DEBUG Released lock at `/datasci/.lock`

Between {} the values are redacted and replaced with a sensible name.

The problem seems to be this line:

TRACE Attempting to retry error: Error { kind: WrappedReqwestError(Url { scheme: "http", cannot_be_a_base: false, username: "", password: None, host: Some(Domain("localhost")), port: None, path: "/{AWS_ACCOUNT_ID}/{AWS_REGION}/{DOMAIN}/python/{INTERNAL_PACKAGE_NAME}/", query: None, fragment: None }, WrappedReqwestError(Reqwest(reqwest::Error { kind: Status(404), url: "https://aws:{TOKEN}@{DOMAIN}-{AWS_ACCOUNT_ID}.d.codeartifact.{AWS_REGION}.amazonaws.com/pypi/python/simple/{INTERNAL_PACKAGE_NAME}/" }))) }

It says the URL https://aws:{TOKEN}@{DOMAIN}-{AWS_ACCOUNT_ID}.d.codeartifact.{AWS_REGION}.amazonaws.com/pypi/python/simple/{INTERNAL_PACKAGE_NAME}/ is 404, although if I do a curl to it, it loads fine.
As it's a 404 and not a 403, basic auth seems to be passed, but the URL might be mangled internally (it must not be the same as the printed one, as it exists).

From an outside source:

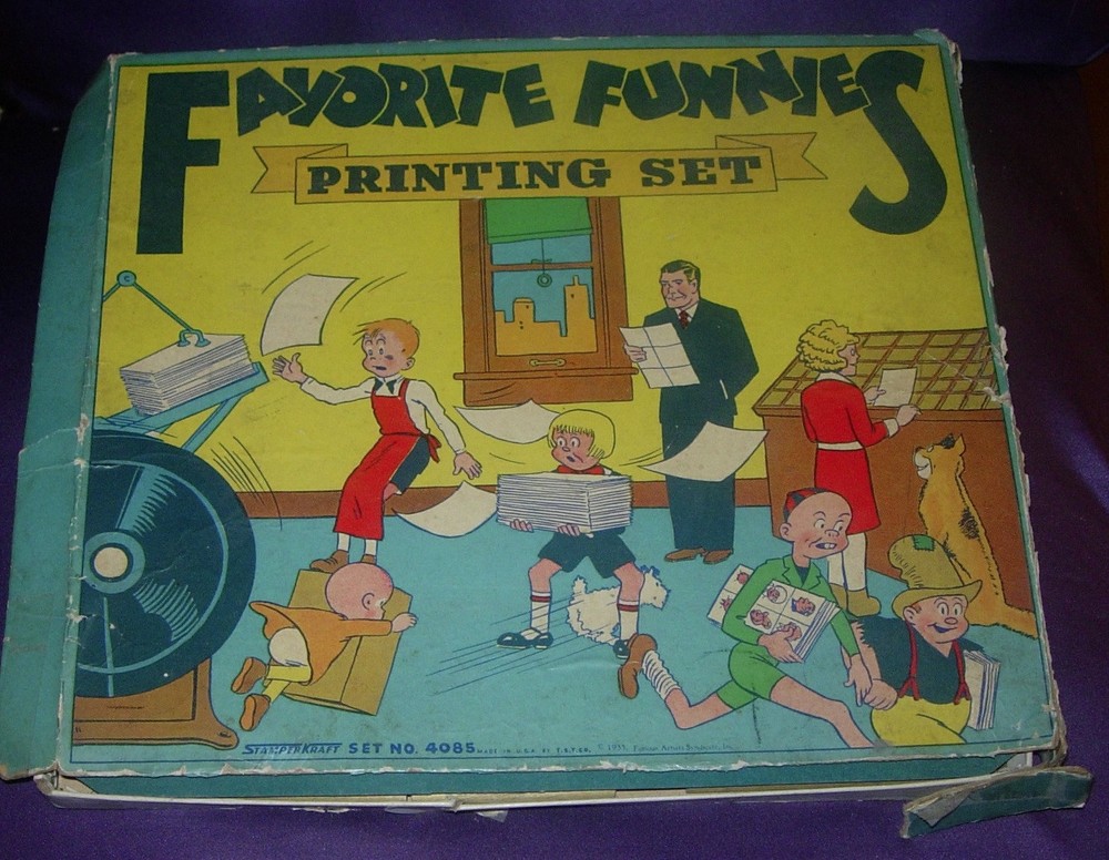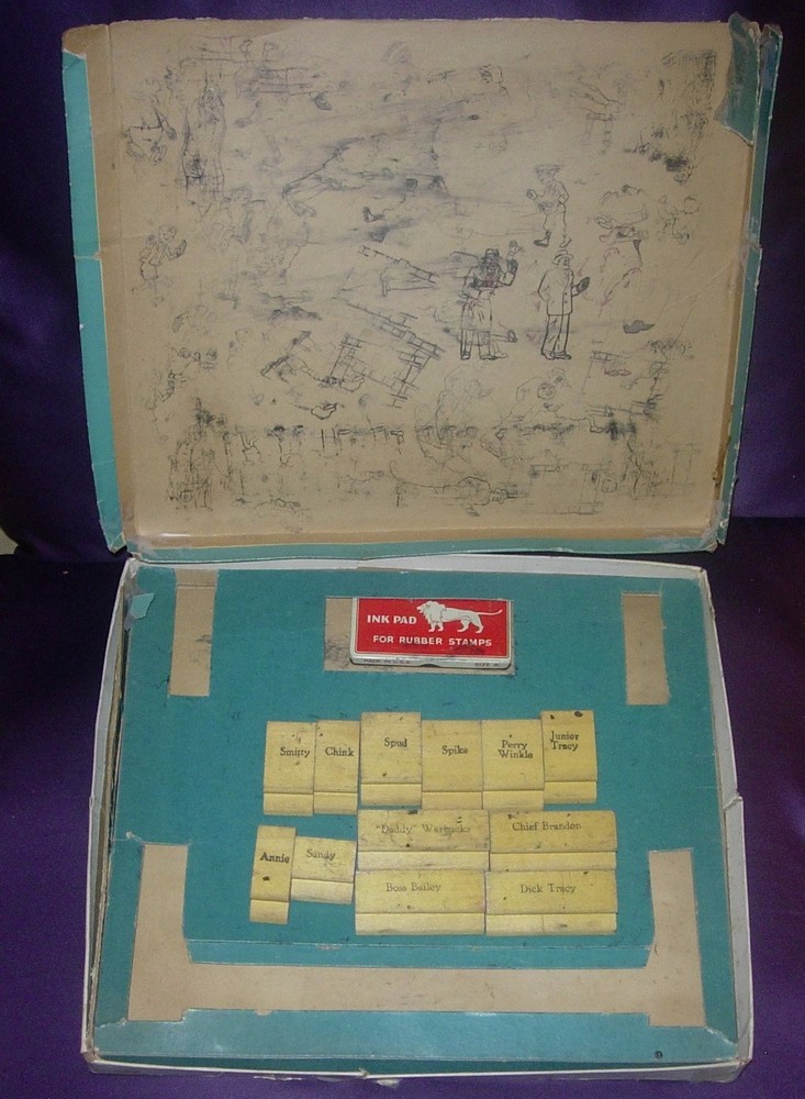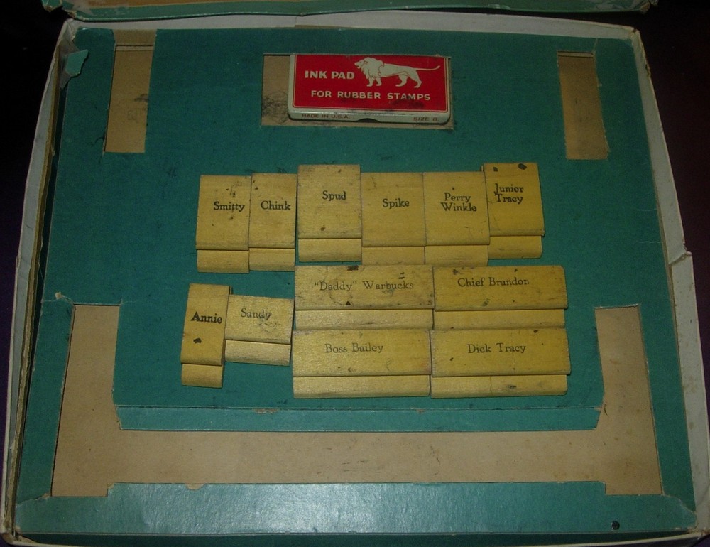 FAVORITE FUNNIES PRINTING SET STAMPER KRAFT 4085 1935 ANNIE DICK TRACY Please ake a look at the pics and ask questions. The box is rough but displayable Side and corner splitting. some pieces of sides and side panels are split off the lid. There is a long loose piece under the insert tray. Again, box is rough but top panel of lid is still quite displayable. Content include the vintage stamp pad, obviously hard by now, and 12 character stamps as shown. Not a bad set though not quite complete as far as I can tell. Appears to be missing a couple stamps.

If I return the package's page directly (proxying it, instead of a redirect to the backend URL), uv gets through it, then fails when trying to download packages (with redirects).
This actually logs an error and the 404 is not just in the TRACE logs:

error: Failed to fetch: `http://localhost/{AWS_ACCOUNT_ID}/{AWS_REGION}/{DOMAIN}/python/{INTERNAL_PACKAGE_NAME}/0.0.10/{INTERNAL_PACKAGE_NAME}-0.0.10-py3-none-any.whl#sha256=d30cafa1864a752939ec5ad6a56245ed8f78f3f87827e3aa78e09ddeb9023ca4`
  Caused by: HTTP status client error (404 Not Found) for url (https://aws:{TOKEN}@{DOMAIN}-{AWS_ACCOUNT_ID}.d.codeartifact.{AWS_REGION}.amazonaws.com/pypi/python/simple/{INTERNAL_PACKAGE_NAME}//0.0.10/{INTERNAL_PACKAGE_NAME}-0.0.10-py3-none-any.whl)

Again, if I try this URL with curl, it just loads fine.

Platform

Ubuntu 22.04 amd64

Version

uv 0.5.25

Python version

Python 3.11.10

[zanieb]

Is there a way I could run this proxy locally as a demo?

You could try RUST_LOG=trace to get logs from the underlying network stack too, it'll be really verbose but it could be helpful.

[bra-fsn]

Is there a way I could run this proxy locally as a demo?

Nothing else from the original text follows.